序盤こそ水戸が主導権を握って攻め込む展開を作ったものの、14分にエリキの個の能力を生かしたアクロバティックなシュートで先制点を許すと、その後は町田の堅守速攻スタイルに打ちのめされて完敗を喫した。「何もできなかった印象が強い」。武田 英寿は唇をかみ締めながら、そう振り返った。
リーグ後半戦初戦となる今節。リベンジを期して挑む水戸としては、前回対戦からいかにチームとして進化したのかを見せるべき戦いだ。
前節・金沢戦は1-2の敗戦を喫したものの、多くのチャンスを作り出し、70分以降は猛攻を仕掛け続けて、金沢ゴールに襲いかかった。決定力を欠いて同点ゴールは奪えなかったものの、U-20日本代表の永長 鷹虎が加入し、力強さを増した攻撃に可能性を感じずにはいられなかった。今節こそ、多彩な攻撃のタレントを生かしてゴールをこじ開けたい。そして、リーグ後半戦での巻き返しに向けてはずみをつけたい。

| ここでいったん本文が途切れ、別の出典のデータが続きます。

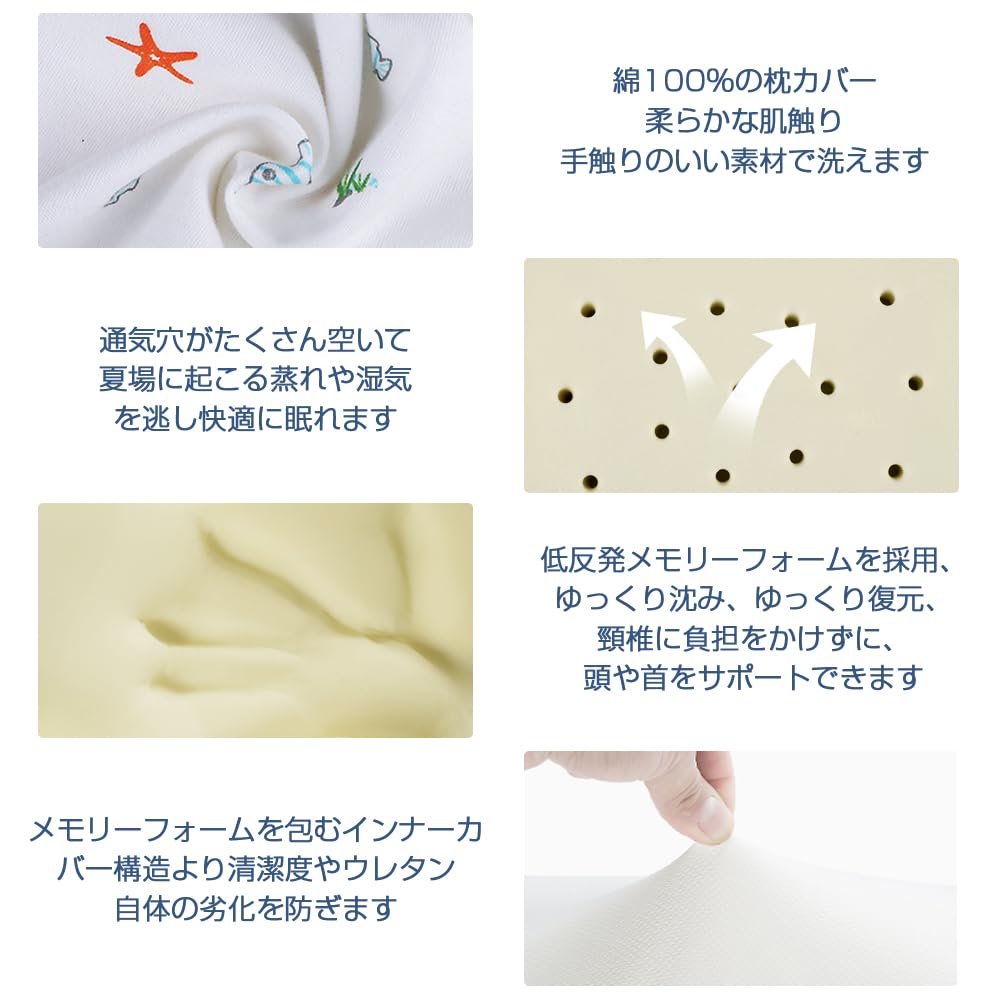 Adokoo 子供枕 子ども用まくら 低め 低反発ピロー 睡眠まくら 頭の形が良くなる キッズ枕 男女兼用 汗とり 綿100% 通気 プレゼント 小魚柄

首位を走る町田もさらにギアを上げるために重要な一戦となる。前節・栃木戦は守備を固める相手に苦しみながら、エリキがゴールをこじ開けてドローに持ち込んだ。対策を練られるであろうリーグ後半戦に向けて、危機感を強めたことだろう。だからこそ、気を引き締め直して今節に挑むことが予想される。
水戸の“進化”と町田の“勝負強さ”の激突。勝利を手にするのはどちらのチームか。